MSigDB relate TFs to Genes

collection: Motif gene sets

Gene sets representing potential targets of regulation by transcription factors or microRNAs. The sets consist of genes grouped by short sequence motifs they share in their non-protein coding regions. The motifs represent known or likely cis-regulatory elements in promoters and 3'-UTRs. These gene sets make it possible to link changes in an expression profiling experiment to a putative cis-regulatory element. The C3 collection is divided into two sub-collections: microRNA targets (MIR) and transcription factor targets (TFT). 
 

sub-collection MIR: microRNA targets

These sets consist of genes sharing 7-nucleotide motifs in their 3' untranslated regions. Each 7-mer motif matches (is complementary to) the seed (bases 2 through 8) of the mature human microRNA (miRNAs) catalogued in v7.1 of miRBase (October 2005). 
 

sub-collection TFT: transcription factor targets

Gene sets that share upstream cis-regulatory motifs which can function as potential transcription factor binding sites. We used two approaches to generate these motif gene sets.
  • Gene sets of "conserved instances" consist of the inferred target genes for each motif m of 174 motifs highly conserved in promoters of four mammalian species (human, mouse, rat and dog). The motifs represent potential transcription factor binding sites and are catalogued in Xie X, Lu J, Kulbokas EJ, Golub TR, Mootha V, Lindblad-Toh K, Lander ES, Kellis M. Systematic discovery of regulatory motifs in human promoters and 3' UTRs by comparison of several mammals.
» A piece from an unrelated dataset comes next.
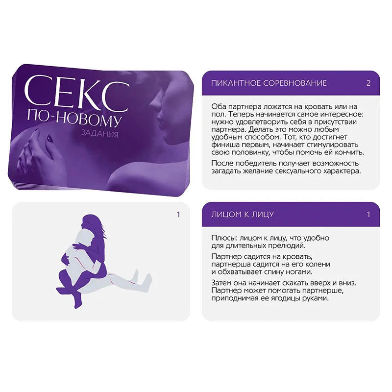 Что нужно делать? Разделите карты на две колоды: «позы» и «задания». «Задания» Вытягивайте карточки из этой колоды, зачитывайте их содержание и воплощайте его в жизнь. «Позы» Вытягивайте карточку из этой колоды, смотрите на изображение, читайте описание и воплощайте данную позу в жизнь. Вы можете остановиться только на одной колоде или сначала попробовать одну, а потом другую. А если есть желание поэкспериментировать, комбинируйте карточки между собой.

Nature. 2005 Mar 17;434(7031):338-45. Each gene set consists of all human genes whose promoters contained at least one conserved instance of motif m , where a promoter is defined as the non-coding sequence contained within a 4-kilobase window centered at the transcription start site (TSS).
  • Mammalian transcriptional regulatory motifs were extracted from v7.4 TRANSFAC database (see supplementary data of Xie et al). Each gene set consists of all human genes whose promoters contains at least one conserved instance of the TRANSFAC motif, where a promoter is defined as the non-coding sequence contained within a 4-kilobase window centered at the transcription start site (TSS).